Director: Kevin MacDonald
15 | 2h | Documentary, Biography, Music | 5 July 2018 (UK)
RATING: ★★★★☆
Who was Whitney Houston? Nick Broomfield and Rudi Dolezal tackled this question in last year’s Whitney: Can I Be Me?, now director Kevin MacDonald has the Houston family-sanctioned Whitney to have another go. In truth, both films have a lot to recommend about them, but having sampled each, I still find Whitney Houston an enigmatic and essentially unknowable figure. Of course, you could argue everyone is unknowable, but for various reasons, in large part due to Houston’s reticence to open up in the interview footage both documentaries chose to draw on, and due to certain key figures still holding back their co-operation, Whitney still feels out of reach for me.
That is not to say MacDonald’s film doesn’t manage to command the attention, as well as emphasise different aspects of what is still essentially the same ‘arc’ as Broomfield’s film: that arc being Houston’s youthful success from poor-to-middle class roots in New Jersey, the rise of the young church choir singer to global fame following signing a deal with the Arista label, with it all sinking into a drug-addled decline and tragic death years later at age 48. In terms of style and structure, it has a few pleasingly different flourishes: such as chapter break-like sequences where we are bombarded with jarringly intercut news footage and deconstructed images (visual and aural) of Houston’s poptastic life, showing how crazy fast the 80s and 90s must have passed at that level of fame. Comprehensive and sensitively presented, and with a year since Broomfield’s film was released to find different footage to showcase Houston’s huge talent (highlights include Houston’s Star-Spangled Banner Super Bowl performance -which she astonishingly improvised in a few minutes- and her concert as the first major artist to appear in post-apartheid South Africa), MacDonald has another trump card to play; the co-operation, for the first time in a doc, of the Houston family. This includes her mother, brother and half brothers and step sisters, and their presence does not seem to have produced the sanitised product I feared. And audience members are, of course, always free to read between the lines regardless of what the Houston inner circle say on screen.
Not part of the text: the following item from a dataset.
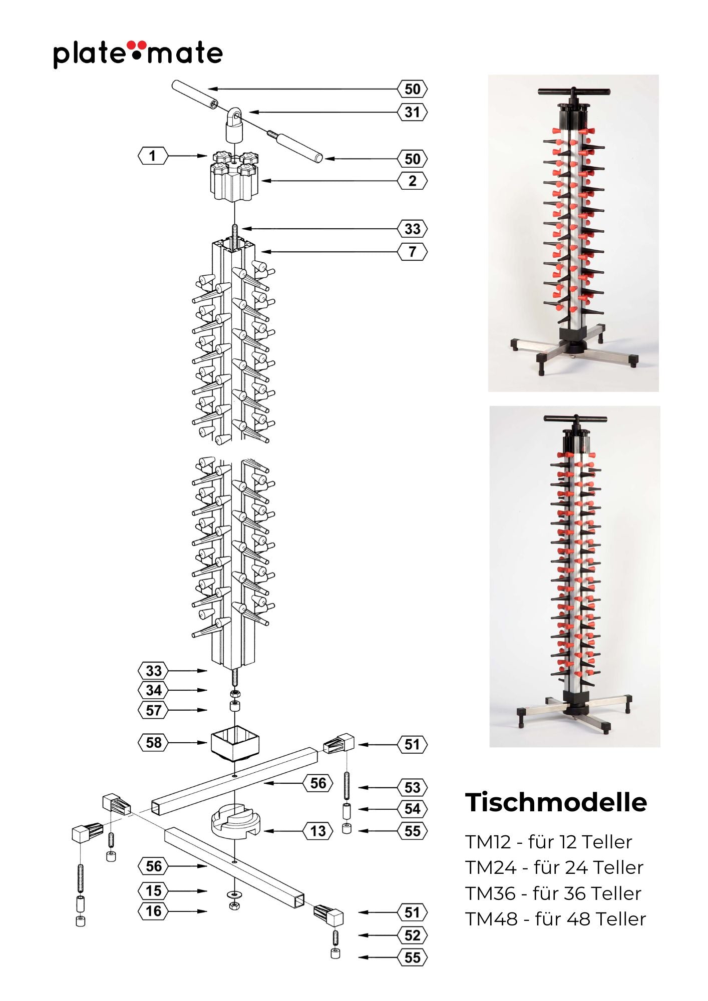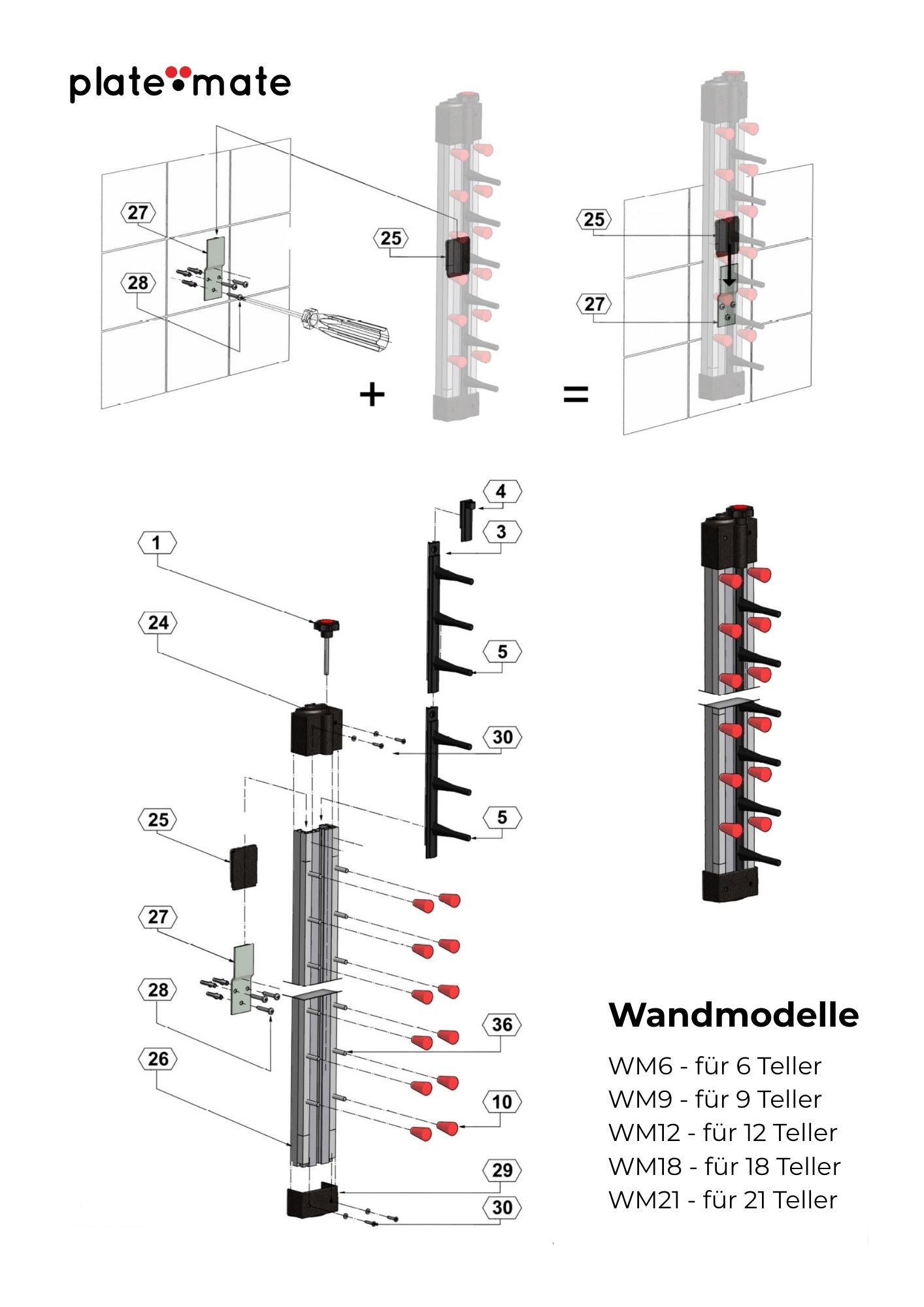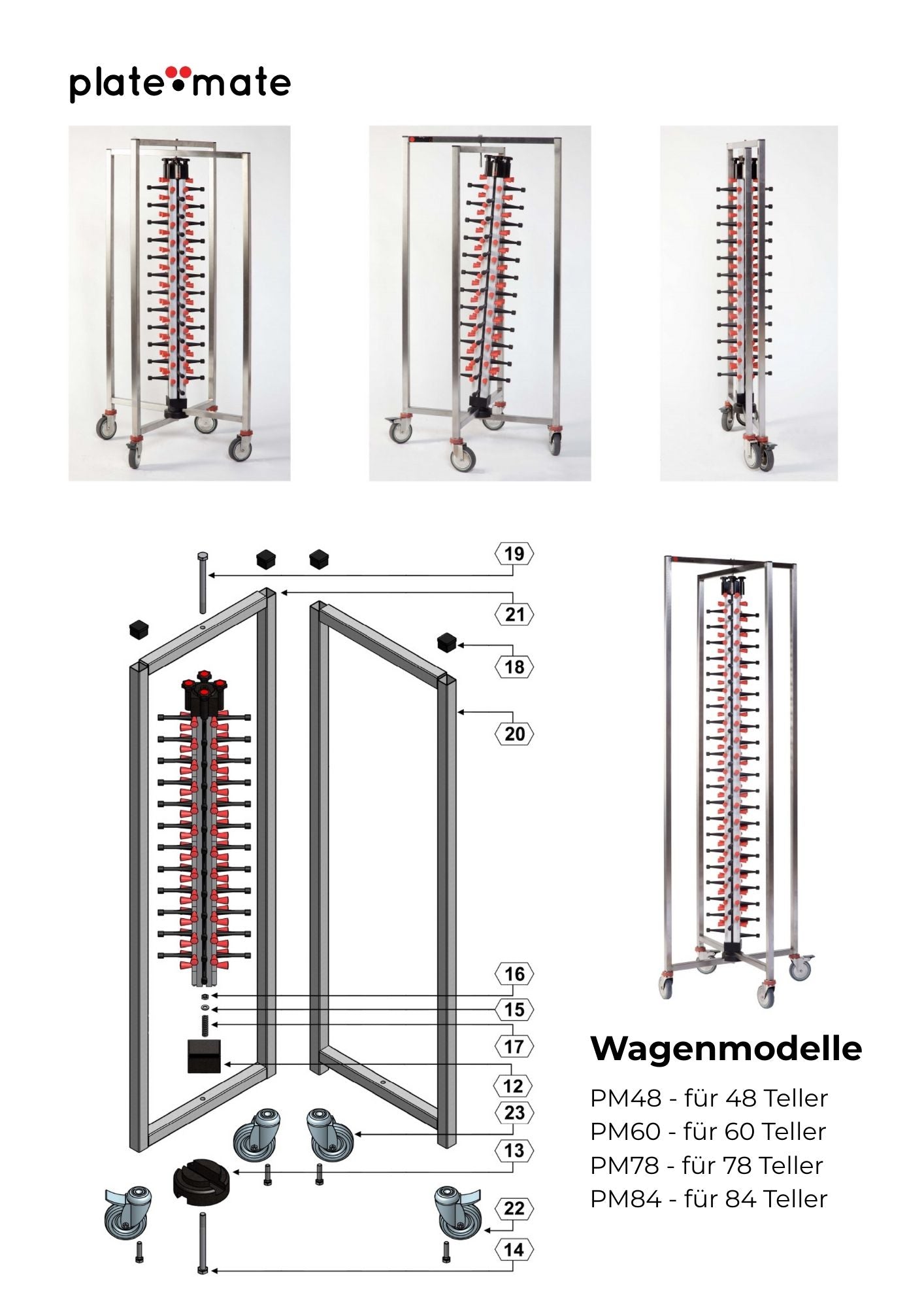 Hier finden Sie unsere Anleitungen, Ersatzteile und Explosionszeichnungen zu all unseren Plate Mate Produkten. Wir sind stolz darauf höchste Qualität bieten zu können. Doch kein Produkt ist 100% perfekt genauso wenig wie es in der Küche nicht immer fehlerfrei zu und her geht. Dafür bieten wir ein vollständiges Ersatzteilsortiment an, um das Leben Ihres Plate Mate Tellerstaplers zu verlängern und bei Bruch reparieren zu können.
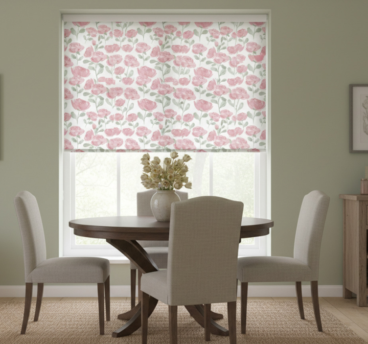 Luonnollinen vintage-ruusukuosi ruokasalin rullaverho

For one thing, her brothers frankly speak of their role in introducing Houston to drugs at an early age (helping correct the impression it was her later husband, the rapper Bobby Brown, who was solely responsible) whilst other family members express some shocking homophobia towards Houston’s long term friend and assistant Robyn Crawford, about whom it has been long alleged was Houston’s lover. The absence of Crawford, who Houston essentially fired after she had achieved global fame and after what was framed as a long Robyn vs Bobby feud for attention following Houston’s marriage to Brown, leaves MacDonald’s film with the same gaping hole as Broomfield’s. I don’t consider this the final word on Houston as a result, though seeing this severing of ties in MacDonald’s film re-emphasised for me the sadness at the thought of a woman possibly blocked by social and commercial pressure and the conventions of heteronormative marriage to avoid embracing her sexuality openly. Houston’s mother Cissy has some thought-provoking and poignant remarks about how she taught her child to not only sing, but think about singing from first principles: use the heart, soul, and the guts. Whitney certainly had all three, but other family members and friends warn about the dark side of Whitney’s parental experience; about how her mother’s singing career and long periods away, her affair with their local minister, and then her father’s own infidelities, left Houston deeply scarred emotionally and damagingly dependent on an image of marriage and happiness that hurt all the more when it kept evading her.
MacDonald’s film certainly feels thorough in terms of what it is trying to do, and wisely only nods to areas the Broomfield doc already covered in more detail (such as the painful racial politics Houston had to negotiate by being a singer that some in the black community thought was ‘too white in her singing’). Though I can’t imagine I will want to see another Houston doc that simply goes over the triumph to tragedy arc all over again (let’s maybe next time see a detailed exploration of Houston’s singing and writing talents, the ‘method’) MacDonald does have one singularly important contribution to add to the story, and one which justifies using his official status to gain access to friends and family: the revelation from Houston’s inner circle that she and other family members privately stated that they were sexually abused at a young age by a relative entrusted with their care during a prolonged period of being shuffled around by absent parents. The alleged abuser is named (they are dead), and audiences members are thus left to wonder how this could have impacted Houston’s many decisions about expressing her sexuality, her choice in relationships, and ultimately, the way she treated herself.
This is not the final word on Whitney, not by a long shot, but it doesn’t feel like a disservice to one of the greatest voices of all.